:: EXERCISE INPUTS

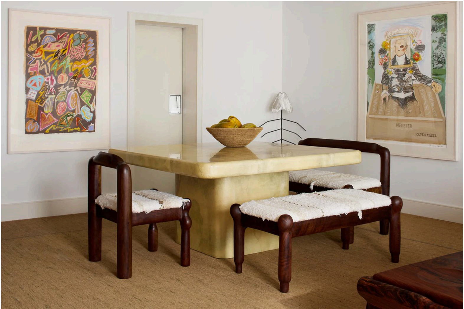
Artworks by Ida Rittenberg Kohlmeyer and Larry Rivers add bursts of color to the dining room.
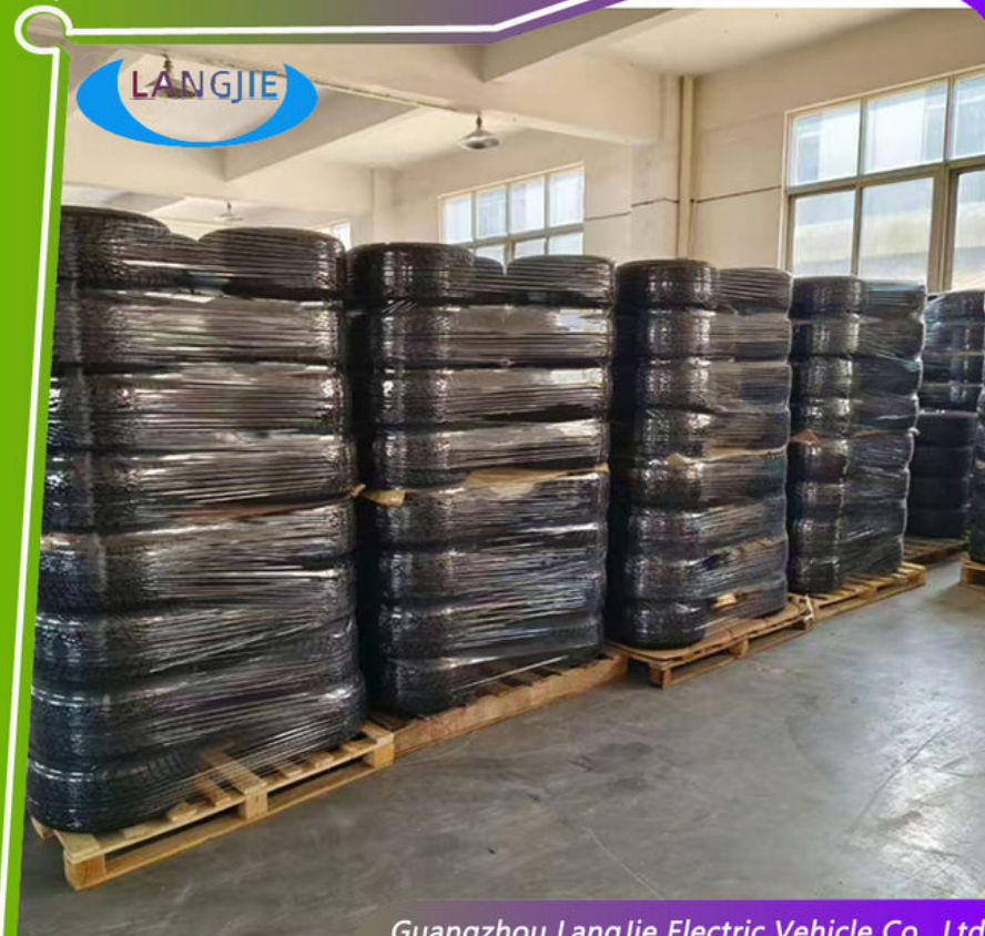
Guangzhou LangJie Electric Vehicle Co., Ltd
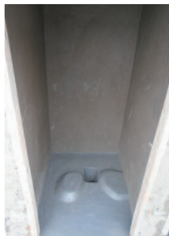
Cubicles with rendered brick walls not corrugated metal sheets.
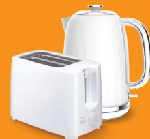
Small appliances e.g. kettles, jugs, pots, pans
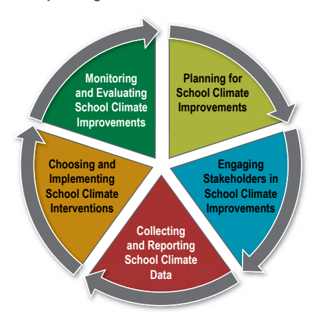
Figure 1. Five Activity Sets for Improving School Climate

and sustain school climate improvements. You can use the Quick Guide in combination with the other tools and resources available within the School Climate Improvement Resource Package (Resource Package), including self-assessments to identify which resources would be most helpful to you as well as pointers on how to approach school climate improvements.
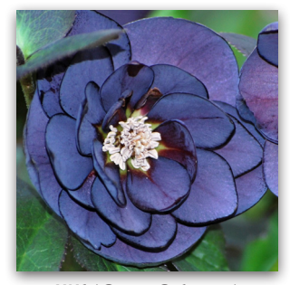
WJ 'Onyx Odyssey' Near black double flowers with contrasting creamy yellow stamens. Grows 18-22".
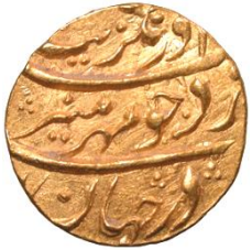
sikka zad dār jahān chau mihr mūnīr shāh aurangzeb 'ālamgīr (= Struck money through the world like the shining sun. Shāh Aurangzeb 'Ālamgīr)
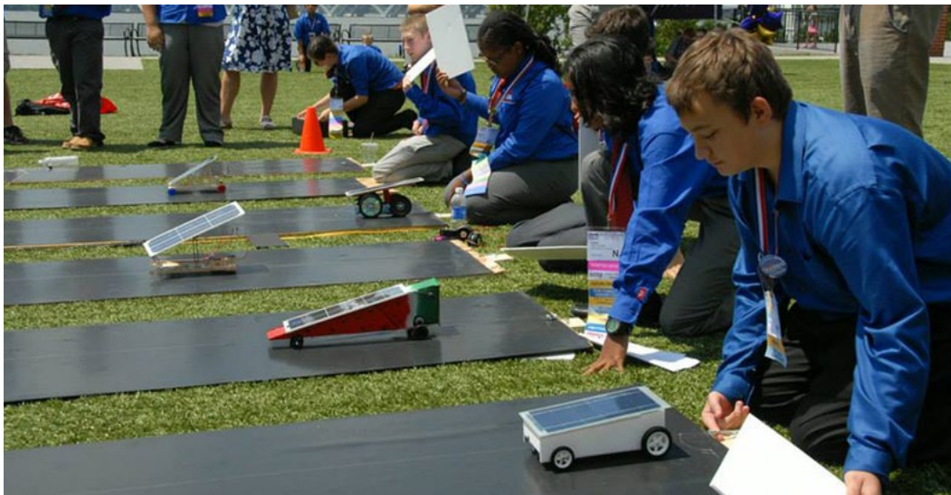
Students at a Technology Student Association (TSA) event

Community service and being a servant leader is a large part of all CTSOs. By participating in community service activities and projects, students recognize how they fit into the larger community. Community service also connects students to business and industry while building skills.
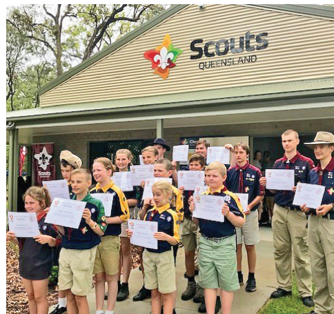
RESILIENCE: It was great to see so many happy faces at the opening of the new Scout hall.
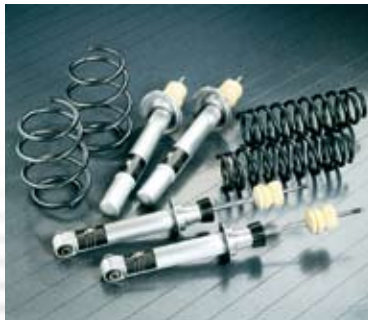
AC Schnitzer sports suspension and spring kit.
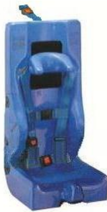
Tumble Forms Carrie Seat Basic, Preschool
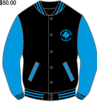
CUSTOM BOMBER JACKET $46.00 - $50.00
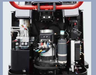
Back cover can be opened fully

::::
:: EXERCISE INPUTS

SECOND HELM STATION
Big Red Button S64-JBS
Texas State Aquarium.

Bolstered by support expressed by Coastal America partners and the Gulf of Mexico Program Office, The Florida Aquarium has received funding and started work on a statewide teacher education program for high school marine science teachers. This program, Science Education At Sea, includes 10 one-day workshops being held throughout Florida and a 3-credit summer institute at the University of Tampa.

::::
:: EXERCISE INPUTS

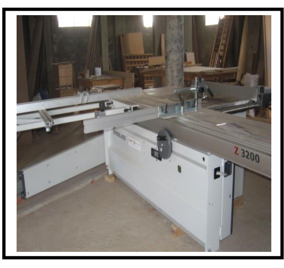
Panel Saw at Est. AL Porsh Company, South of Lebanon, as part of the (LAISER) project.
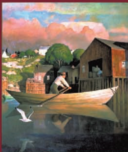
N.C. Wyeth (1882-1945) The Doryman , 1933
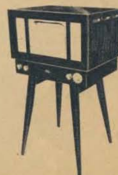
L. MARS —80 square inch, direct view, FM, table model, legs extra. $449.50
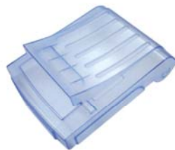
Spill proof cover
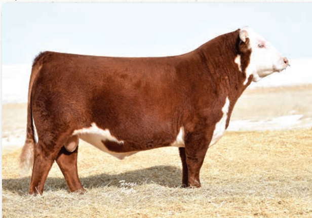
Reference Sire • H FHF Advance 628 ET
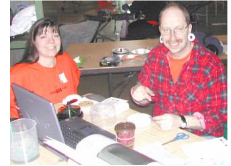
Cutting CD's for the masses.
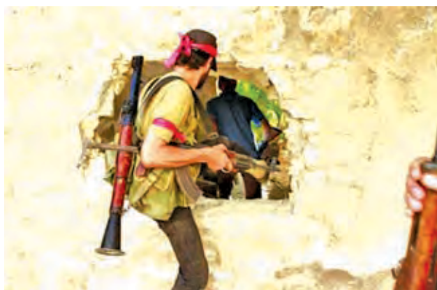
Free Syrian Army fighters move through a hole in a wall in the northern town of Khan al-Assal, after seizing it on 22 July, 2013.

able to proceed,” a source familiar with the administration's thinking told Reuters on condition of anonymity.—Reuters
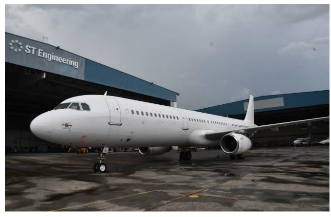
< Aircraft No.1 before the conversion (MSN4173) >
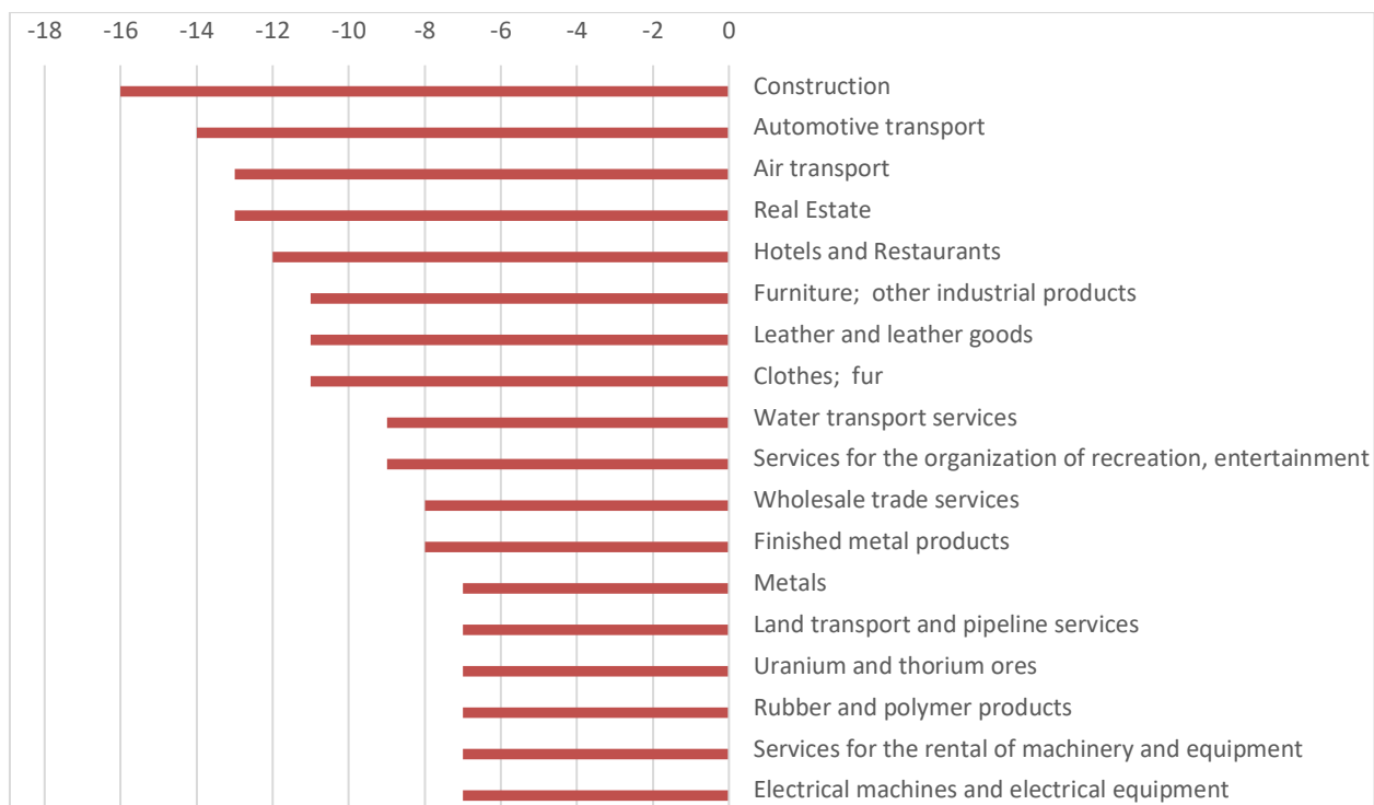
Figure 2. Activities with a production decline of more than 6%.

::::

● PROBLEM DETAILS: Your copy should hold the lines from the one with "RESILIENCE: It was" up to and including the one with "Back cover can be opened fully", exactly as in the data above, and no pictures.

● ANSWER TO THE PROBLEM:
RESILIENCE: It was great to see so many happy faces at the opening of the new Scout hall.
AC Schnitzer sports suspension and spring kit.
Tumble Forms Carrie Seat Basic, Preschool
CUSTOM BOMBER JACKET $46.00 - $50.00
Back cover can be opened fully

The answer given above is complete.